Jan 01 00:00:54 localhost.localdomain collectd[1227]: rrdtool plugin: Shutting down the queue thread. This may take a while.
Jan 01 00:00:54 localhost.localdomain collectd[1279]: plugin_load: plugin "rrdtool" successfully loaded.
Dec 15 09:19:20 localhost.localdomain collectd[1279]: rrdtool plugin: Shutting down the queue thread. This may take a while.
Dec 15 09:19:30 localhost.localdomain collectd[1279]: rrdtool plugin: rrd_update_r (/var/lib/collectd/rrd/localhost/cpu-0/cpu-idle.rrd) failed: /var/lib/collectd/rrd/localhost/cpu-0/cpu-idle.rrd: illegal attempt to update using time 1608023923 when last update time is 1608023923 (minimum one second step)
Dec 15 09:19:53 localhost.localdomain collectd[1279]: rrdtool plugin: rrd_update_r (/var/lib/collectd/rrd/localhost/cpu-0/cpu-interrupt.rrd) failed: /var/lib/collectd/rrd/localhost/cpu-0/cpu-interrupt.rrd: illegal attempt to update using time 1608023923 when last update time is 1608023923 (minimum one second step)
Dec 15 09:20:16 localhost.localdomain collectd[1279]: rrdtool plugin: rrd_update_r (/var/lib/collectd/rrd/localhost/cpu-0/cpu-nice.rrd) failed: /var/lib/collectd/rrd/localhost/cpu-0/cpu-nice.rrd: illegal attempt to update using time 1608023923 when last update time is 1608023923 (minimum one second step)
Dec 15 09:20:39 localhost.localdomain collectd[1279]: rrdtool plugin: rrd_update_r (/var/lib/collectd/rrd/localhost/cpu-0/cpu-softirq.rrd) failed: /var/lib/collectd/rrd/localhost/cpu-0/cpu-softirq.rrd: illegal attempt to update using time 1608023923 when last update time is 1608023923 (minimum one second step)
Dec 15 09:20:50 localhost.localdomain collectd[3539]: plugin_load: plugin "rrdtool" successfully loaded.

Does anyone have a clue what rrdtool plugin: rrd_update_r (/var/lib/collectd/rrd/localhost/cpu-0/cpu-nice.rrd) failed: /var/lib/collectd/rrd/localhost/cpu-0/cpu-nice.rrd does or supposed to do?

It is the stats collector, Collectd, writing to its DB. It does not like time leaps and complains a lot when the time gets changed suddenly. Maybe starting it after chronyd at boot can help.

2 Likes

Thanx, never would thought of this !

Will try to do so, but not optimistic if it succeeds.
Went down that rabbit hole before in an attempt to start the hole system-init.service after receiving a valid time from a ntp-server.

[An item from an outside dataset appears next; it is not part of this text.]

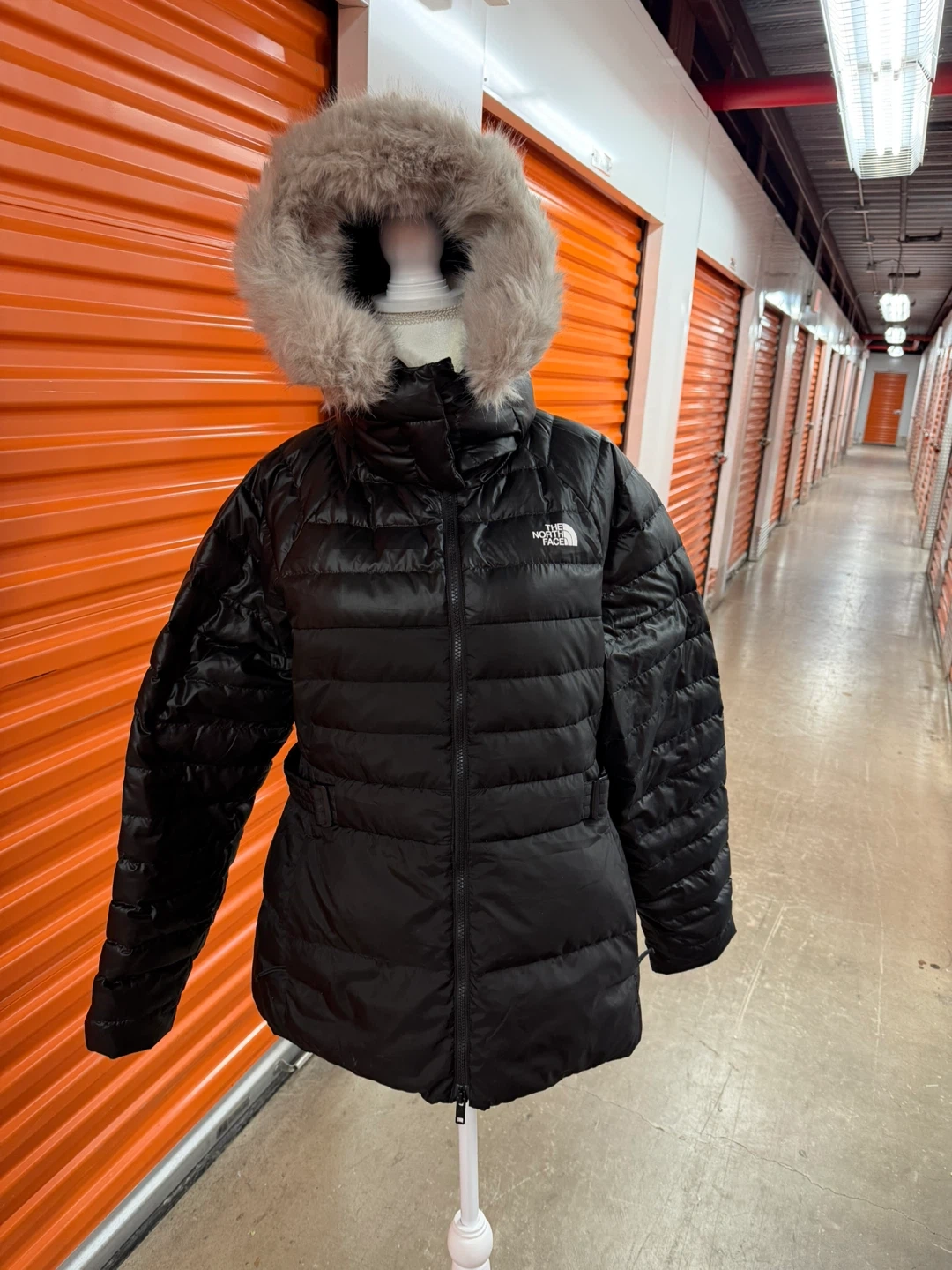 Selling a stylish and warm The North Face down puffer jacket in black. This jacket is a women's size large and features a cozy fur-trimmed hood. Perfect for staying warm during the colder months!
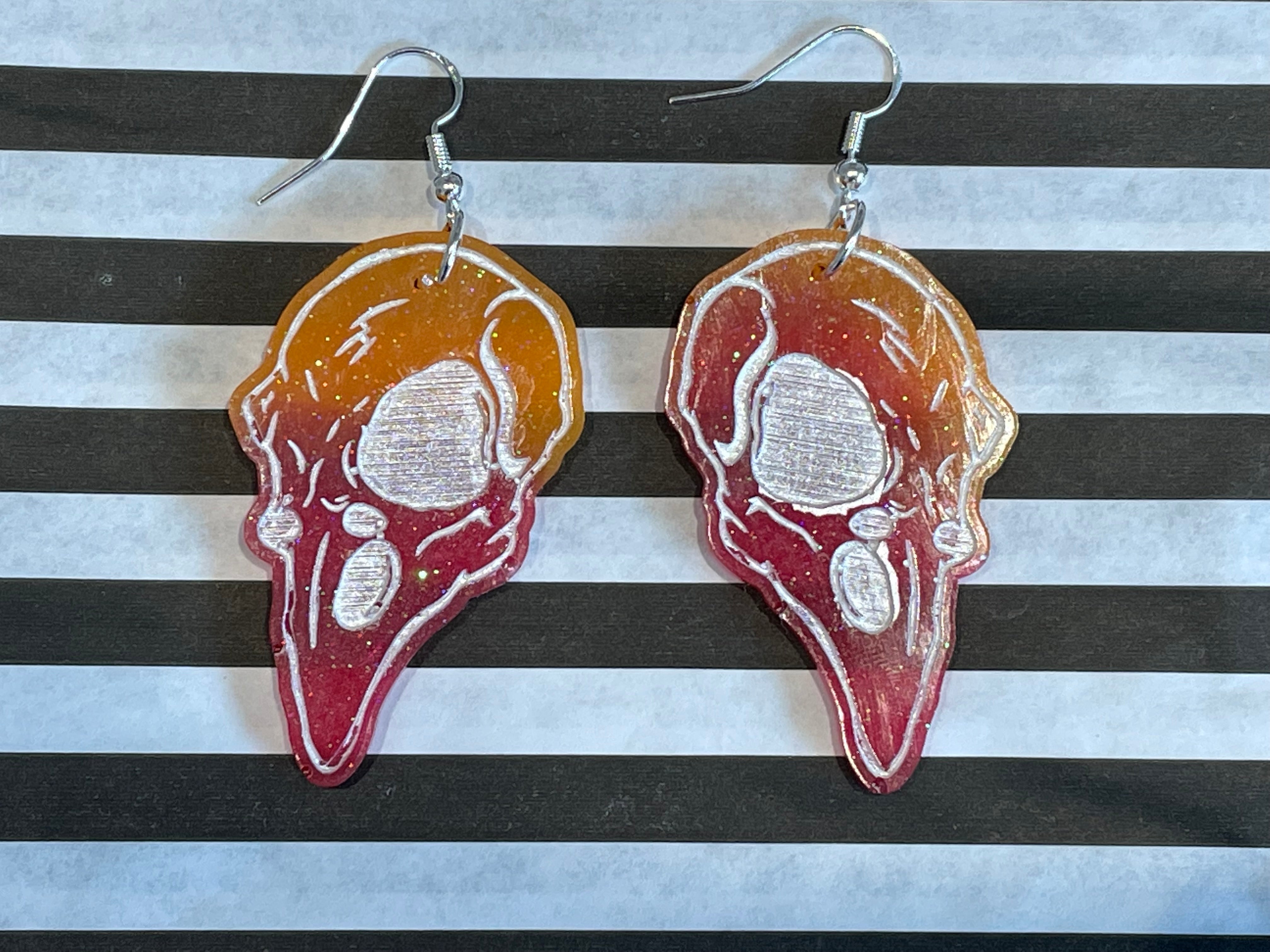 Add some colour to your outfit with these orange and metallic red Raven skulls !

This because sometimes the default server-certificate also get a bogus date on system-init:

Will try to find the homework done and see if something new comes to mind;

EDIT: this was included in the attempt back then, looking at it now i’m not sure we have a time-sync.target with systemd 219 …

1 Like

I think I found the culprit :

  • Before nethserver-system-init I cannot ping a external server by name (e.g. ping www.google.com), the system can not resolve the servername in the DNS.
  • Chronyd can not resolve the ntp pool servername hence it does not sync the time. During nethserver-system-init dnsmasq takes over and then it’s the first time chronyd sync’s.
  • If I drop nameserver 8.8.4.4 in /etc/resolve.conf the time gets synced.

so what to do… :thinking:
Simply mitigate by dropping a kick-start resolve.conf in at image creation?

Not sure, the network might not be available for other reasons… I understand the board is missing an internal time source so the clock is not set at startup.

In general, services must not require the network (and clock) at startup to avoid issues like this. I’d say it is a collectd issue and I’d prefer to not change the default system configuration because of this.

Yes, it does relate to the NIC on a RPI4; which reports to be ready before it actually is…

Most SBC’s do not have a RTC …

It’s only at nethserver-system-init … not every time the system starts-up. Although this chrony-wait.service would start al times. Could also require first-boot to be present.

I agree, however resolf.conf is templated and overwritten during system-init.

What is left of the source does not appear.